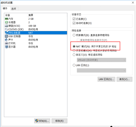 CentOS 7为例,因为Linux是安装在在虚拟机中,这里先看一下虚拟机的网络适配器:
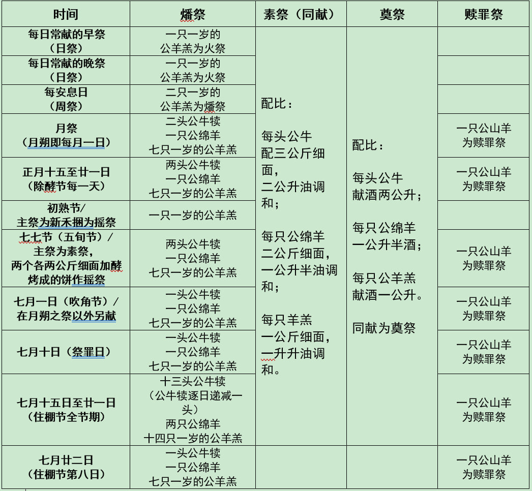 从中可见,神要选民每日有早、晚祭,每周有安息日祭,每月的一日有月朔祭,以及每年的六大节期祭。
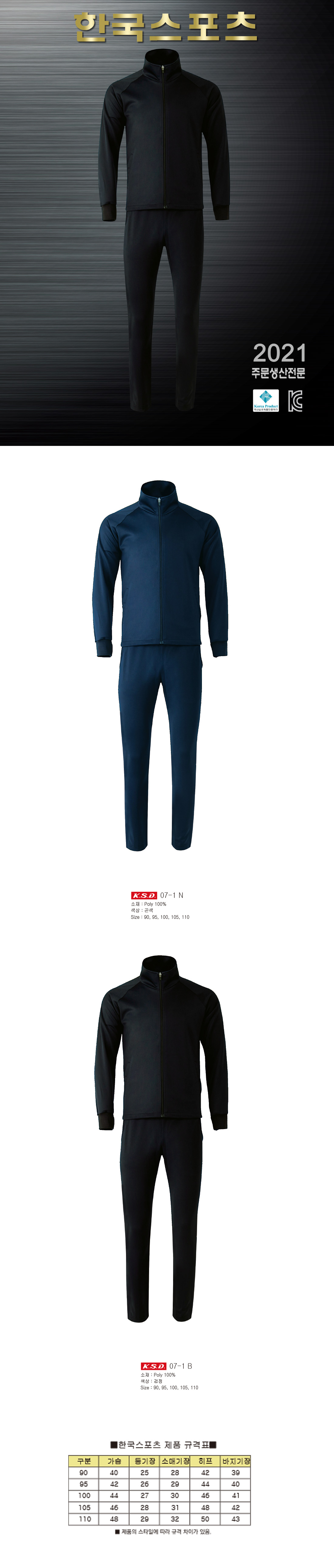 KSD 쿠션지 트레이닝 세트[단체트레이닝복,트레이닝복,쿠션지,학교체육복] / 07-1 / 곤색,검정

++++

### [REQUIRED WORK]
Every line above should be transcribed word for word; leave the pictures out.

### [TASK OUTPUT]
 CentOS 7为例,因为Linux是安装在在虚拟机中,这里先看一下虚拟机的网络适配器:
 从中可见,神要选民每日有早、晚祭,每周有安息日祭,每月的一日有月朔祭,以及每年的六大节期祭。
 KSD 쿠션지 트레이닝 세트[단체트레이닝복,트레이닝복,쿠션지,학교체육복] / 07-1 / 곤색,검정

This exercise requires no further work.